Allo spuntar del sole si levò una fitta nebbia bianca, come avviene in molte mattine d’autunno sulle alture dell’isola. Tra le capanne e le case che fiancheggiavano la strada di Dieci Ontani, gli abitanti stavano in attesa con gli archi da caccia e le lance appena forgiate, senza sapere se i karg erano lontani o vicinissimi: tutti stavano in silenzio, scrutando nella nebbia che nascondeva ai loro occhi forme e distanze e pericoli.

Con loro c’era Duny. Aveva lavorato per tutta la notte al mantice della forgia, spingendo e tirando le due lunghe maniche di pelle di capra che alimentavano il fuoco con un soffio d’aria. Adesso le braccia gli dolevano e tremavano per la fatica al punto che non riusciva a reggere la lancia che aveva scelto. Non sapeva come poteva combattere o rendersi utile a se stesso o agli abitanti del villaggio. Gli straziava il cuore l’idea di dover morire, infilzato su una lancia karg, quando era ancora un ragazzo: di dover discendere nella terra tenebrosa senza aver mai saputo il suo nome, il suo vero nome da uomo. Abbassò lo sguardo sulle braccia magre, madide della fredda rugiada della nebbia, e s’infuriò della propria debolezza, poiché conosceva la sua forza. C’era potere in lui, se avesse saputo usarlo; e cercò tra tutti gli incantesimi che conosceva qualcosa che potesse assicurare un vantaggio o almeno una possibilità a lui e ai suoi compagni. Ma la necessità non è sufficiente a liberare il potere: ci dev’essere anche la conoscenza.

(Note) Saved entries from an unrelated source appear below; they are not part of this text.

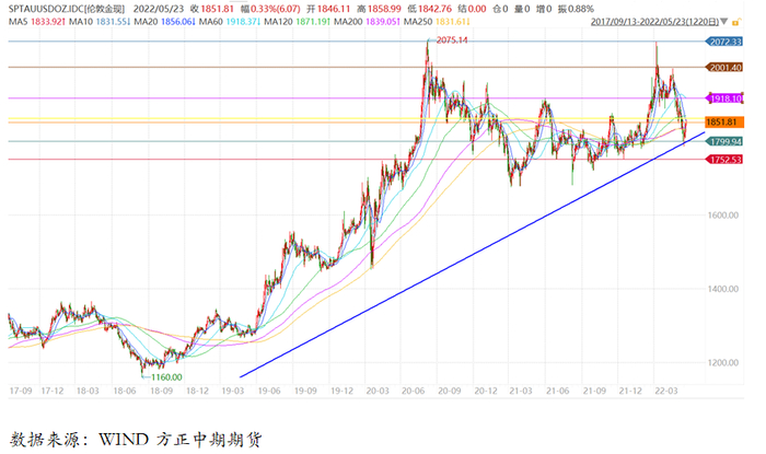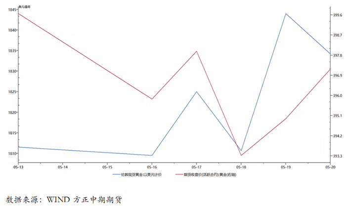 5月16日-5月20日,美联储货币政策加速收紧预期逐步被市场计价,形成利空出尽影响,黄金触底反弹。伦敦金现从最低的1786.28美元/盎司涨至1850美元/盎司,涨幅为63.72美元/盎司/3.57%;沪金从399.66元/克继续跌至397.5元/克,跌幅为2.1元/克、0.53%。沪金表现明显弱于伦敦金现表现,内外盘的套利操作获利颇丰。此阶段,人民币开始升值,美元/离岸人民币从6.8206持续跌至6.7,跌幅达到1.17%,最低跌至6.6728,最大跌幅达到2.17%。故美元/离岸人民币的走弱使得内外盘黄金行情强弱亦出现明显的分化。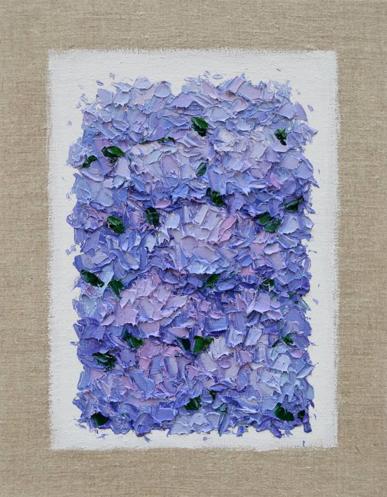 Heavily textured abstract hydrangea painting on raw Belgian linen. Wired and ready for hanging or framing.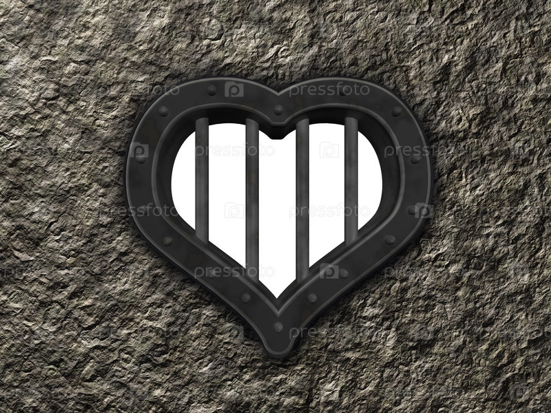 Тюремное окно в форме сердца - 3d иллюстрация
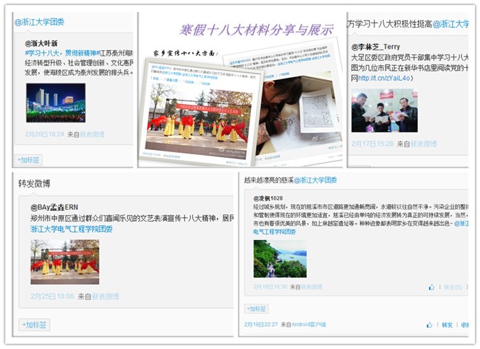 寒假期间,mg4355线路检查官网团委官方微博接收到了来自全国各地的微博通知。这些微博图文并茂的记述了团委骨干们家乡的相关情况,从中可以看到当地政府和民政部门对十八大重要会议精神的宣传力度,也看到当地民众对十八大会议精神高涨的学习热情。十八大的召开,正处在我国全面建设小康社会的关键时期和深化改革开放、加快转变经济发展方式的攻坚时期,同时也是在迅速发展后期间的一个节点,许多同学也在自己的微博里贴出了家乡迅速发展的对比图,在其微博内容的字里行间,流露着浓浓的乡情与自豪。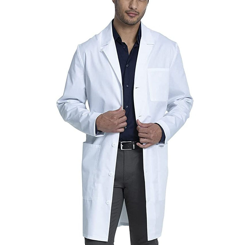 Custom Made Plain White Color Doctor Long Lab Coat Uniform 100% Organic Cotton Doctor Lab Coat for Males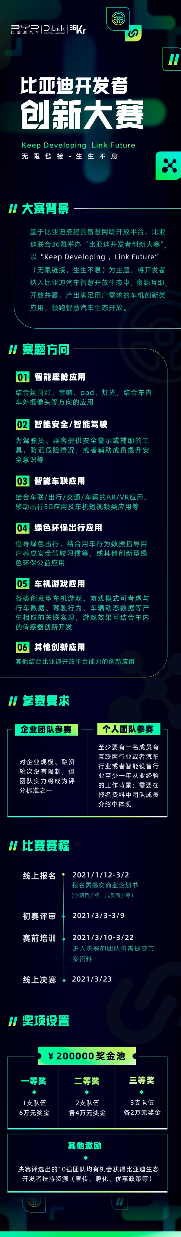 查看长图了解更多比赛详情,点击下方报名链接即刻参赛,通过比亚迪这个强大的舞台,来一起完成创新应用的探索,让汽车将变成一个可移动的智能空间。

La nebbia, ormai, si stava diradando sotto il calore del sole che brillava nudo sopra la vetta, nel cielo luminoso. Quando i vapori si separarono e si dispersero in grandi spire fumose, gli abitanti del villaggio videro una banda di guerrieri che saliva sulla montagna. Erano protetti da elmi di bronzo e gambali e corazze di cuoio pesante e scudi di legno e bronzo, e armati di spade e di lunghe lance karg. Salivano lungo il ripido argine dell’Ar, tortuosamente, in una fila sferragliante e piumata e irregolare, già abbastanza vicini perché si potessero vedere le loro facce bianche e si potessero udire le parole del loro dialetto mentre si scambiavano richiami. La banda, staccatasi dall’orda degli invasori, era formata da un centinaio di uomini, che non sono molti: ma nel villaggio erano soltanto in diciotto, tra uomini e ragazzi.